Imagine living in a jurisdiction where the HOA or condominium corporation can deny your document requests with impunity. If you live in Colorado, that is exactly what can, and does, happen. State legislation indicates the association can deny providing documents unless there is “proper purpose” for the request.

There is absolutely no way to determine proper purpose, and owners are being forced to hire lawyers in order to get the documents they need. That is totally ridiculous.

Thankfully it looks like HOA regulations in Colorado are going to get a huge overhaul. In 2011 the state started tracking complaints voiced against HOAs – and the information is amazing. Complaints are not focused on pets, parking, and paint – which most people have always assumed. The complaints are about board and associations being closed for review, tightly controlled, and abusive in the use of their power.
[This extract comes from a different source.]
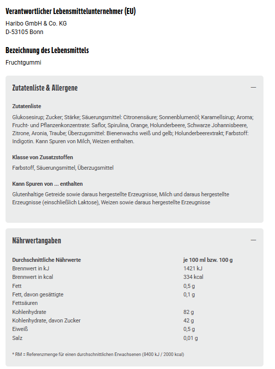 Glukosesirup; Zucker; Stärke; Säuerungsmittel: Citronensäure; Sonnenblumenöl; Karamellsirup; Aroma; Frucht- und Pflanzenkonzentrate: Saflor, Spirulina, Orange, Holunderbeere, Schwarze Johannisbeere, Zitrone, Aronia, Traube; Überzugsmittel: Bienenwachs weiß und gelb; Holunderbeerextrakt; Farbstoff: Indigotin. Kann Spuren von Milch, Weizen enthalten.

From the 2011 Annual Report of the HOA Information and Resource Centre:

An additional and perhaps one of the more troubling complaint types the Office heard was that
the HOA board or manager was harassing, discriminating or retaliating against homeowners.
Many homeowners felt that their boards had singled them out and were arbitrarily fining them
for violations, when they were not in violation; engaging in selective enforcement of covenants;
and precluding them from participating in meetings.

The 2011 Report is a great read – and truly eye opening about the nature of a person’s relationship with their HOA. It’s a well suggested read for anyone involved in condominium and HOA work.

Anyways, it’s always nice to write a blog post about how a group or organization “gets HOAs and Condominiums” and a big, positive, tip of the hat to the Colorado State Legislature in drafting new legislation to address some well needed change.

Compulsory Board Education for Condominiums, Strata and HOAs

In 2008 Florida enacted mandatory education for condominium boards. From some accounts the move has been an overwhelming success, and to others it has been simply more paperwork.

Having argued that the housing represents the largest asset, and form of enforced savings, that all but a few people will ever have – extra diligence and care should be taken by boards in managing condominium and HOA complexes. A poorly educated board can cause significant hardship to a huge amount of people, and jeopardize their financial well-being with only a few poor decisions.

To that, I fully support some sort of mandatory education process even though this is a volunteer, non-profit organization. I recognize this education requirement is more restrictive than business boards which have no mandatory requirements.

It is important to realize that this is mostly an issue for self-managed condominiums or those that don’t retain a paid manager at their board meetings.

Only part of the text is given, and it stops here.